Parse all the numbers from the given filename. Figure out the width and height of the desired image. The code to create a blank image and loop over it is the same as in week 2 - it's included in the starter file.

SimpleImage starter code:

    width = ???  # determine proper width and height values
    height = ???
    image = SimpleImage.blank(width, height)
    for y in range(image.height):
        for x in range(image.width):
            pixel = image.get_pixel(x, y)
            # use pixel.red etc. in here

    # this puts the built image on screen

Fix this code to set the pixel.red etc. of every pixel in the image using the parsed out values, using the provide range/y/x loops. This is a bit of a code puzzle. The range/y/x loops are going over the 2-d image. Each time through that loop, you want to grab the right parsed value. Think about which value you want the first time the loop runs, the second time, the third time. etc. to work out a pattern.

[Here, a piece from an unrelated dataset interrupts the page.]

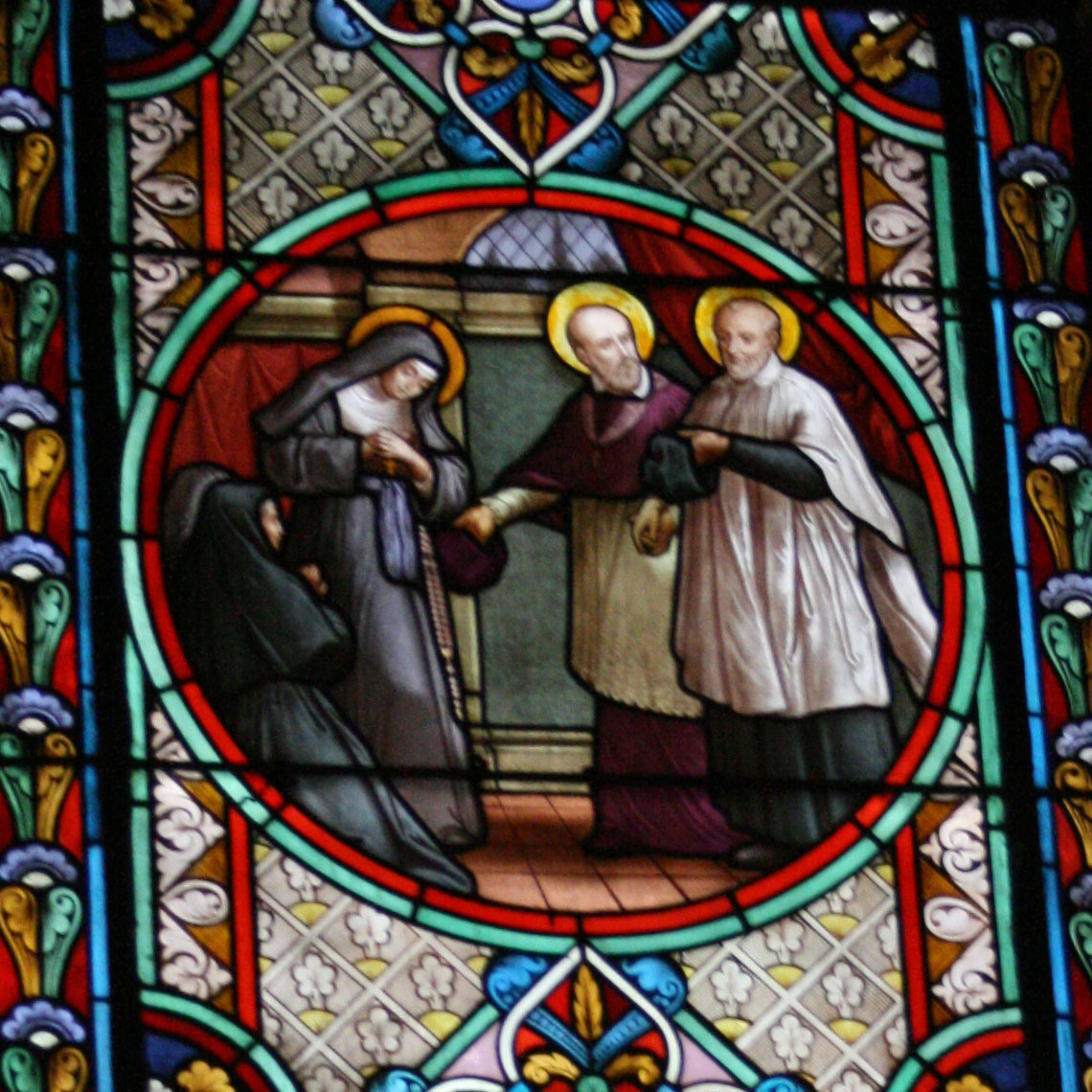 1619 kam es in Paris zur Begegnung zwischen Franz von Sales und dem heiligen Vinzenz von Paul. Glasfenster in der Alten Pfarrkirche Franz von Sales in Paris, Frankreich (Ausschnitt).

The provided main() is set up to call your solve_mystery() function when there is just 1 command line argument, like this:

$ python3 parse-mystery.py 480k.txt

The 480k.txt thing lives a bit downhill from Lake Lagunita. The 100k.txt shows a famous thing on campus (and the file is smaller, if the large files take too long on your computer). The 600k.txt file is the biggest, showing a famous thing in California. For a smaller test, the 60k.txt shows a pair of friends. Your code should be able to solve all of these. The little 3lines.txt and 10lines.txt test files do not contain images.

Protip: type the first few letters of a filename, then hit tab to auto-complete it. Hit tab a couple times, and it will list all the candidate filenames that match what you have typed so far.

When your code is cleaned up with good style and solves these puzzles correctly, please turn in your "parse-mystery.py" file on Paperless. Also make sure the warmup functions are done.